Run the spark-submit job
After you create an indexer.jar file, you need to run a spark-submit job on a Solr worker node to index your input file.
- You have prepared the
indexer.jar
file and it is available on your local machine. - A DDE Data Hub cluster is up and running.
- You have sufficient rights to SSH into one of the cluster nodes.
- Your user has a role assigned that provides 'write' rights on S3.
- You have retrieved the keytab for your environment.
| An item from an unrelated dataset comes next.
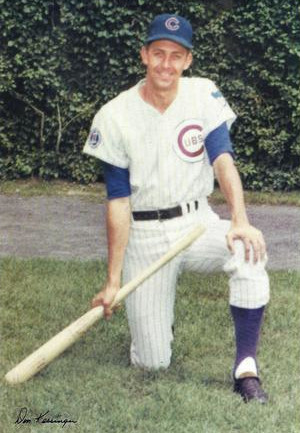 Professional baseball player Don Kessinger

- SSH to one of the worker nodes in your Data Hub cluster.
-
Copy your keytab file to the working directory:
scp <keytab> <user>@<IP_OF_WORKER_NODE>:/<PATH/TO/WORKING/DIRECTORY>
For example:scp sampleuser.keytab sampleuser@1.1.1.1:/tmp
-
Create a JAAS file with the following content:
Replace sampleuser@EXAMPLE.COM with your user principal.Client { com.sun.security.auth.module.Krb5LoginModule required useKeyTab=true useTicketCache=false doNotPrompt=true debug=true keyTab="sampleuser.keytab" principal="sampleuser@EXAMPLE.COM"; };
-
Copy the indexer JAR file to the working directory:
scp <indexer>.jar <user>@<IP_OF_WORKER_NODE>:/<PATH/TO/WORKING/DIRECTORY>
For example:scp indexer-1.0-SNAPSHOT.jar sampleuser@1.1.1.1:/tmp
-
Copy the input CSV file to the working directory:
scp <INPUT_FILE> <user>@<IP_OF_WORKER_NODE>:/<PATH/TO/WORKING/DIRECTORY>
For example:scp nyc_yellow_taxi_sample_1k.csv sampleuser@1.1.1.1:/tmp
-
Add the input file to HDFS:
hdfs dfs -put <INPUT_FILE>
For example:hdfs dfs -put nyc_yellow_taxi_sample_1k.csv
-
Create a Solr collection:
solrctl config --create <configName> <baseConfige> -p immutable=false
solrctl collection --create <collectionName> -s <numShards> -c <collectionConfName>
For example:solrctl config --create testConfig managedTemplate -p immutable=false solrctl collection --create testcollection -s 2 -c testConfig
-
Submit your spark job:
Replacespark-submit --jars /opt/cloudera/parcels/CDH/jars/spark-solr-*-shaded.jar --files <KEYTAB>,<JAAS_CONF_FILE> --name <SPARK_JOB_NAME> --driver-java-options="-Djavax.net.ssl.trustStoreType=<TRUSTSTORE_TYPE> -Djavax.net.ssl.trustStore=<ABSOLUTE/PATH/TO/TRUSTSTORE/FILE> -Djavax.net.ssl.trustStorePassword=" --class com.lucidworks.spark.SparkApp <INDEXER_JAR> csv -zkHost <ZOOKEEPER_ENSEMBLE> -collection <TARGET_SOLR_COLLECTION> -csvPath <INPUT_CSV_FILE> -solrJaasAuthConfig=<JAAS_CONF_FILE>
- spark-solr-*-shaded.jar
- with the name of the
shaded.jar
file under/opt/cloudera/parcels/CDH/jars/
- <KEYTAB>
- with the keytab file of your user
- <JAAS_CONF_FILE>
- with the JAAS file you created
- <SPARK_JOB_NAME>
- with the name of the job you want to run
- <TRUSTSTORE_TYPE>
- with the type of the truststore used. If you use the default jks
type, you do not need to specify
-Djavax.net.ssl.trustStoreType
. In every other case it is mandatory. - <ABSOLUTE/PATH/TO/TRUSTSTORE/FILE>
- with the absolute path to the truststore file
- <INDEXER_JAR>
- with the
indexer.jar
file you created - <ZOOKEEPER_ENSEMBLE>
- with the address of the ZooKeeper ensemble used by the Solr cluster.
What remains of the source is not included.